# nafa sideshow



## C2C (Mar 17, 2012)

Was a pretty good auction Monday on coyotes till the lightning struck at lot# 674 . Supposedly those lots thru lot 721 were rubbed , dropped to $38 . Blew my ave out of the water and cant hardly believe it . Lots of folks here upset about the grading on this sale but too late now . These 14 I had here dropped my ave from $80 to $69 .. Ill sort hides real hard next year and sell what I think is damaged locally .. but what do I know . Hope rest of you made out OK .


----------



## hassell (Feb 9, 2010)

Ya something is better than nothing, something going on there I imagine - not good!!


----------



## jimmy shutt (Jun 2, 2013)

sorry to hear C2C, you had some pretty furred up critters, awesome color with lots of hard work involved. guess we are at the mercy of the buyers if they can beat ya down they will.

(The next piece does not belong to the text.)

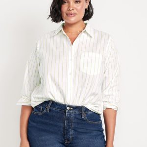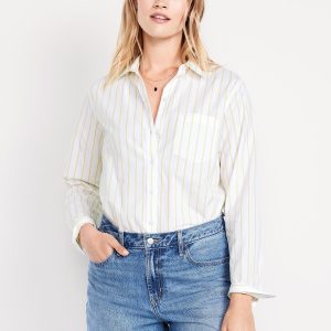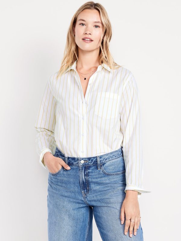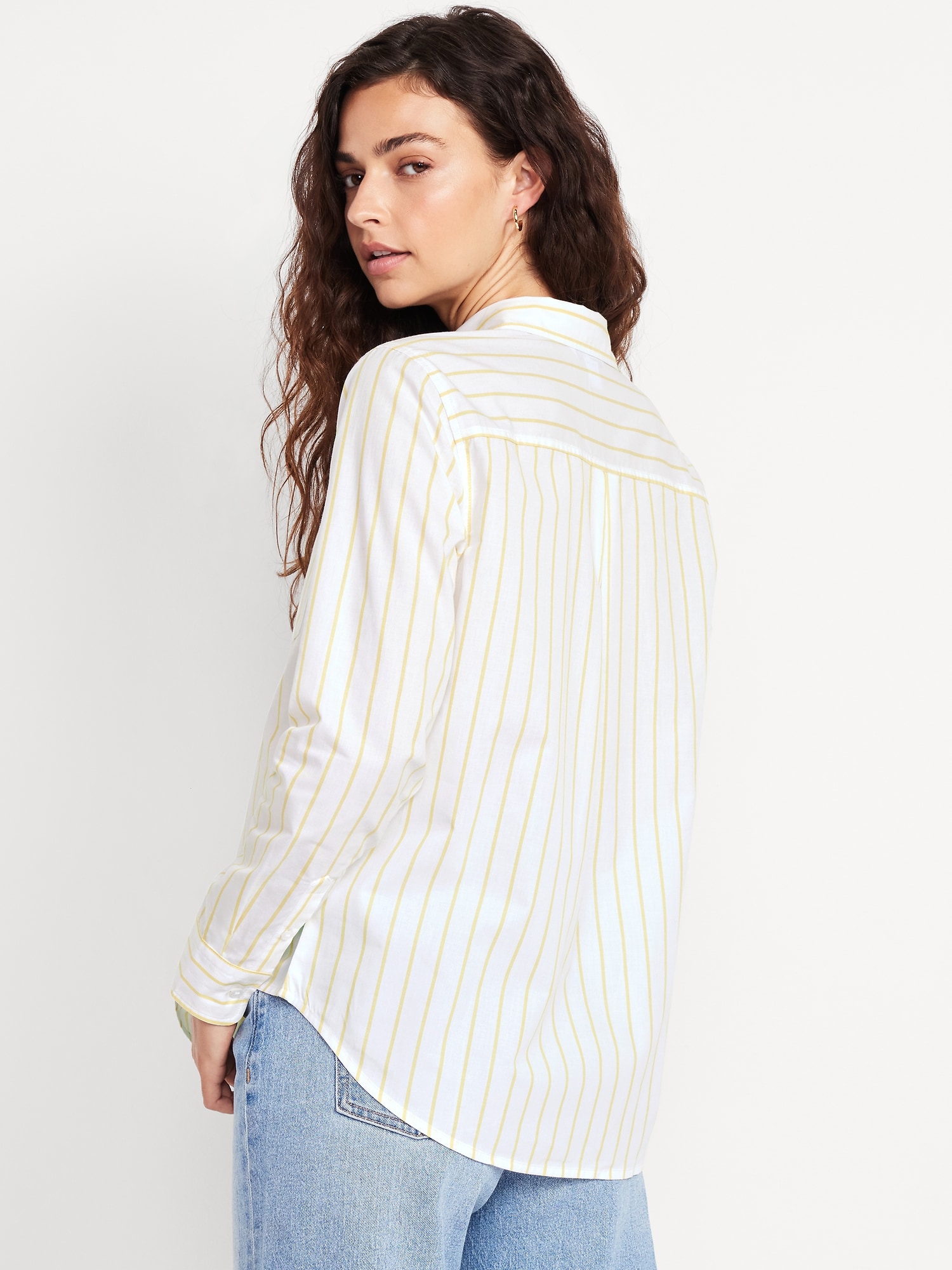Classic Button-Down Shirt: spread collar, long sleeves, buttoned cuffs, button front, patch chest pocket, curved hem, fading, #576683

pity you couldn't sell that mangy Coyote, it would have made a nice hammer...... or an ugly football!!!


----------



## C2C (Mar 17, 2012)

jimmy shutt said:


> sorry to hear C2C, you had some pretty furred up critters, awesome color with lots of hard work involved. guess we are at the mercy of the buyers if they can beat ya down they will.
> 
> pity you couldn't sell that mangy Coyote, it would have made a nice hammer...... or an ugly football!!!


Thanx for the sympathy jimmy , you made my day .. lol .


----------